Welcome to my blog! I'll be posting recipes and mp3s periodically.
Music links are provided for you to listen to a song/artist. If you find that you enjoy the song, please purchase it from the artist.
Recipes that I post are usually adapted from other sources. If you do try them out, I'd love to hear how it turned out for you! I'll usually have extra commentary on the recipe itself regarding tricky parts or quick tips.
Since I just made cupcakes for the first time this weekend, I figured I'd share the recipe, along with a fun song I've been obsessed with lately. Let me know what you think of both!

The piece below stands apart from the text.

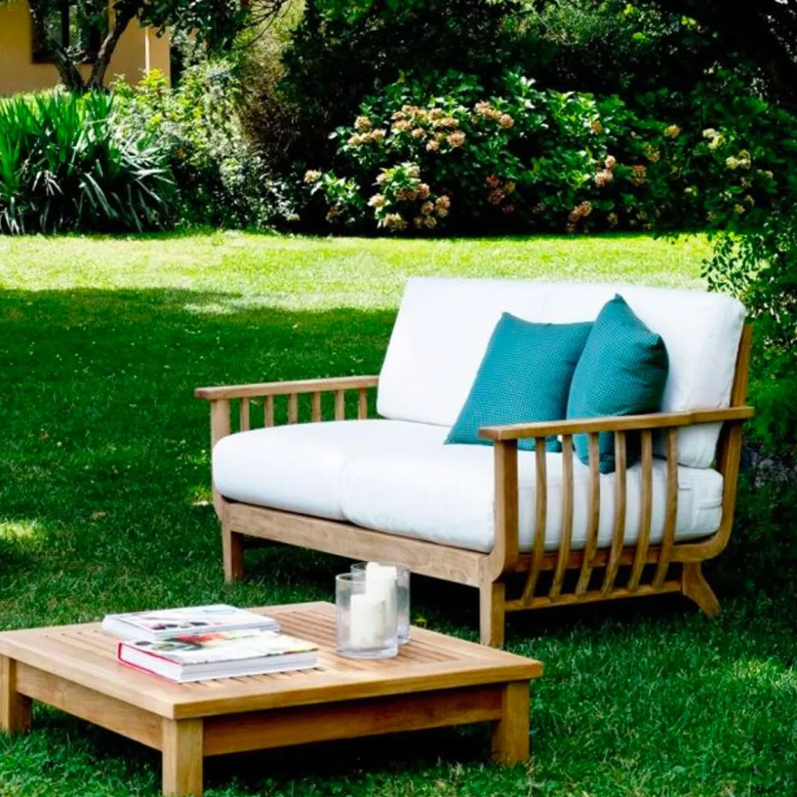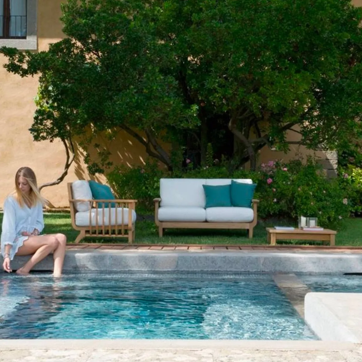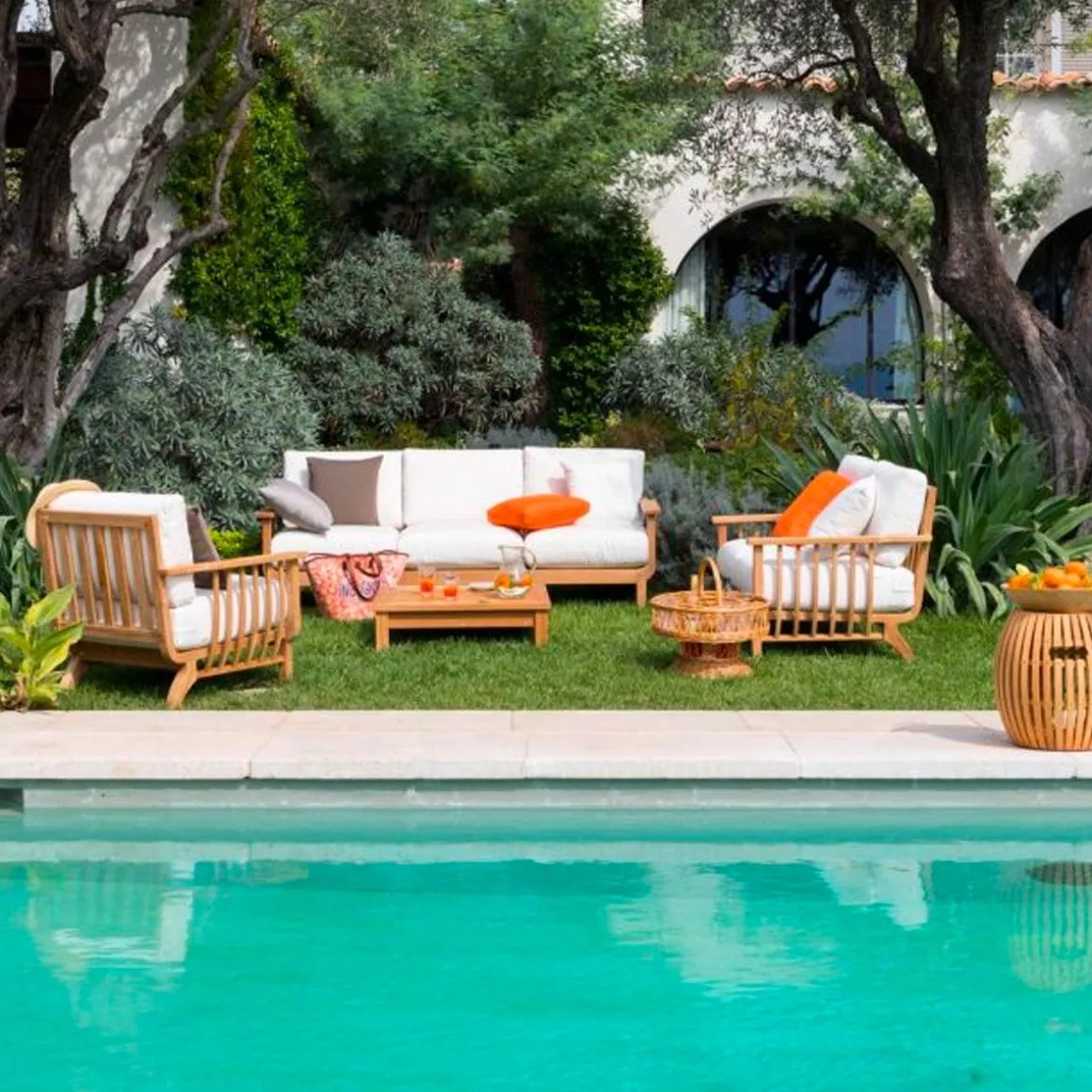 La collection en teck Chelsea se distingue par ses volumes contenus, le soin des détails, son élégance naturelle et l’originalité du design. Un design d’inspiration orientale imprègne le salon Chelsea dont la hauteur d’assise est rehaussée par d’épais coussins déhoussables en tissu 100% acrylique de couleur blanc.

Vanilla Cupcakes with Buttercream Frosting (makes approximately 24)

Cupcake recipe from Gourmet magazine; frosting recipe from Taste of Home magazine)

For the cupcakes:

  • 2 cups all-purpose flour
  • 2 teaspoons baking powder
  • 1/2 teaspoon salt
  • 2/3 cup whole milk
  • 1 teaspoon vanilla
  • 12 tablespoons unsalted butter, softened
  • 1 cup plus 2 tablespoons sugar
  • 2 large eggs

- Place the oven rack in the middle position and preheat to 350 degrees Fahrenheit. Line a muffin tin with liners.
- In a medium bowl, whisk together flour, baking powder, and salt. In a small bowl, stir together the milk and vanilla.
- Beat the butter and sugar together in a large bowl until light and fluffy. Add the egg and beat until just combined.
- Add the flour mixture and milk alternately into the butter mixture, beginning and ending with the flour mixture. Mix lightly, until just combined.
- Fill the baking cups two-thirds full and bake until the tops are light golden and firm, about 15 to 17 minutes. Cool completely before frosting.

For the frosting:

  • 4 tablespoons butter
  • 2 cups confectioners' (powdered) sugar
  • 1 scant teaspoon vanilla
  • 2 to 3 tablespoons milk

- In a medium mixing bowl, cream the butter until light and fluffy, then beat in the sugar and vanilla. Add the milk and mix well until the desired consistency is reached.

Tips & advice:

– The buttercream will need to be at room temperature in order to spread.
– The cupcakes are best if consumed on the same day.
– In total, this took me about two and a half hours to make from mixing to frosting.

Songs:
–Kay Kay and His Weathered Underground - Hey Momma. A fun and interesting song from two members of Gatsby's American Dream. It reminds me a little bit of the Beatles, but updated.